§ What needs to be done:
Look below for the line that contains "Figura 1 – Ubicación", then quote it and all the lines after it, exactly, with the pictures left out.

§ Supplied material:

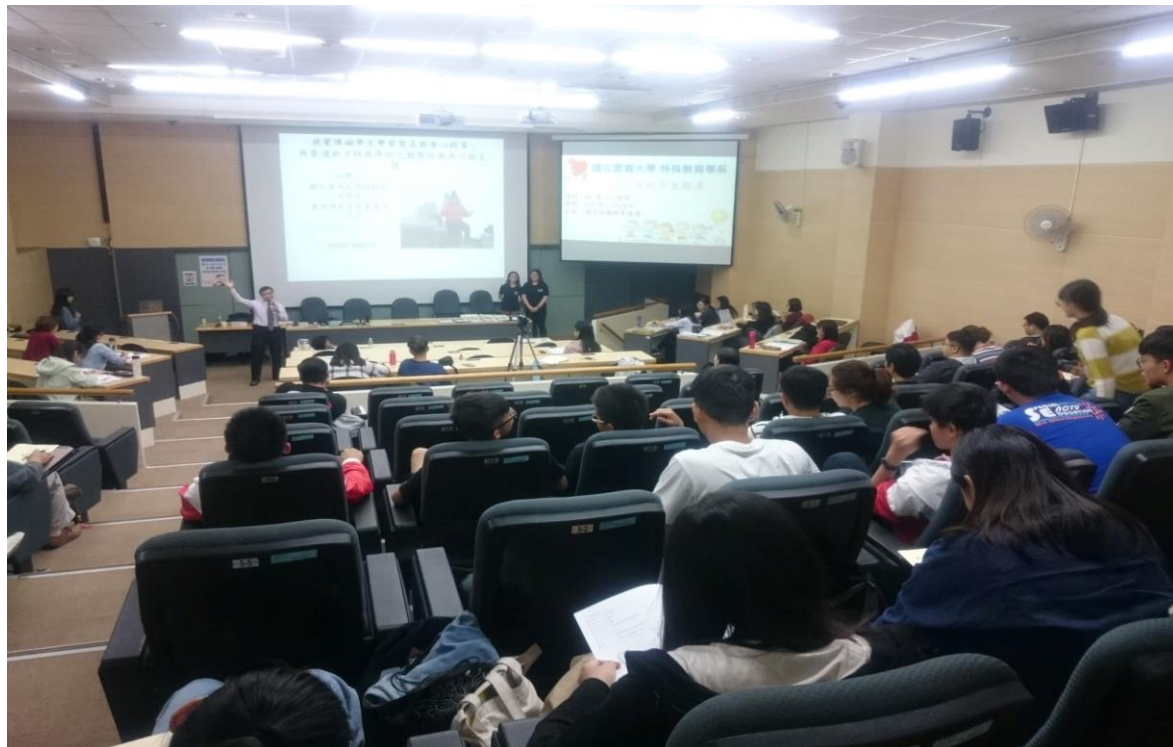
主 題：視覺障礙學生輔導研習 主講者：林慶仁教授 日 期：107年11月28日
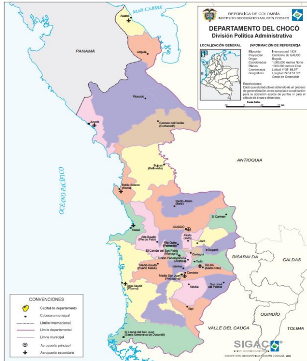
Figura 1 – Ubicación del Departamento de Chocó
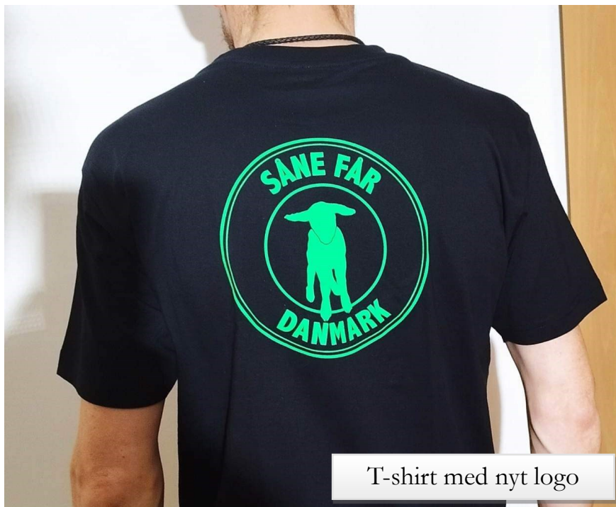
T-shirt med nyt logo

§ Output for this task:
Figura 1 – Ubicación del Departamento de Chocó
T-shirt med nyt logo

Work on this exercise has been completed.